I really cannot recommend “The Best We Could Do” enough. In a time where I think empathy and understanding are sorely needed when it comes to trying to understand the refugee experience, Thi Bui’s memoir will engage readers and show them how much is lost and how much is sacrificed just to stay alive. This is an incredibly important book.

Rating 9: A personal and powerful memoir with gorgeous illustrations, “The Best We Could Do” is an important book with a relevant message to the issues of immigration and the refugee crisis we are seeing today.

Reader’s Advisory:

“The Best We Could Do” is included on the following Goodreads lists: “Required Reading: Graphic Novels”, and “Vietnamese-American Novels and Memoirs”.

Find “The Best We Could Do” at your library using WorldCat!

Serena’s Review: “The Beast is an Animal”

29522966Book: “The Beast is an Animal” by Peternelle van Arsdale

Publishing Info: Margaret K. McElderry Books, February 2017

Where Did I Get this Book: the library!

Book Description: A girl with a secret talent must save her village from the encroaching darkness in this haunting and deeply satisfying tale.

Alys was seven when the soul eaters came to her village.

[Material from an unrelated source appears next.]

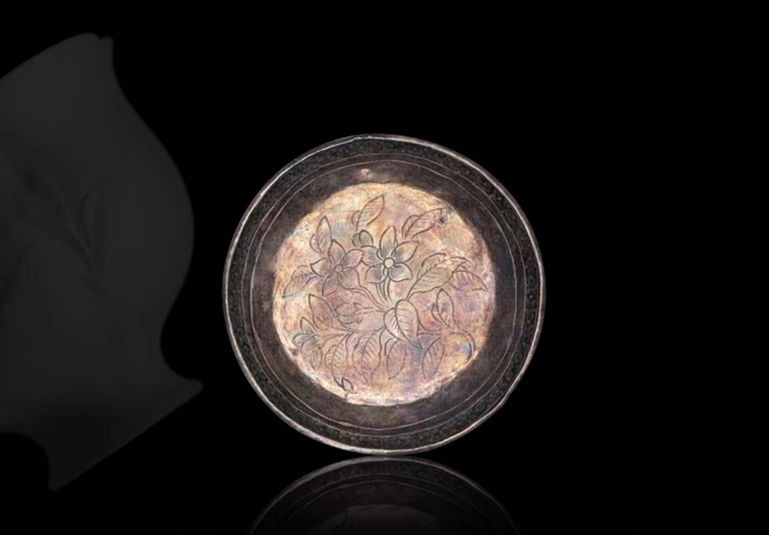 Two pieces from a nine-tray silver set unearthed in Jiangsu. Each tray shares identical dimensions (wide rim, shallow belly, flat base) and bears the craftsman’s mark “Zhang Silang” at the bottom.

These soul eaters, twin sisters who were abandoned by their father and slowly morphed into something not quite human, devour human souls. Alys, and all the other children, were spared—and they were sent to live in a neighboring village. There the devout people created a strict world where good and evil are as fundamental as the nursery rhymes children sing. Fear of the soul eaters—and of the Beast they believe guides them—rule village life. But the Beast is not what they think it is. And neither is Alys.

Inside, Alys feels connected to the soul eaters, and maybe even to the Beast itself. As she grows from a child to a teenager, she longs for the freedom of the forest. And she has a gift she can tell no one, for fear they will call her a witch. When disaster strikes, Alys finds herself on a journey to heal herself and her world. A journey that will take her through the darkest parts of the forest, where danger threatens her from the outside—and from within her own heart and soul.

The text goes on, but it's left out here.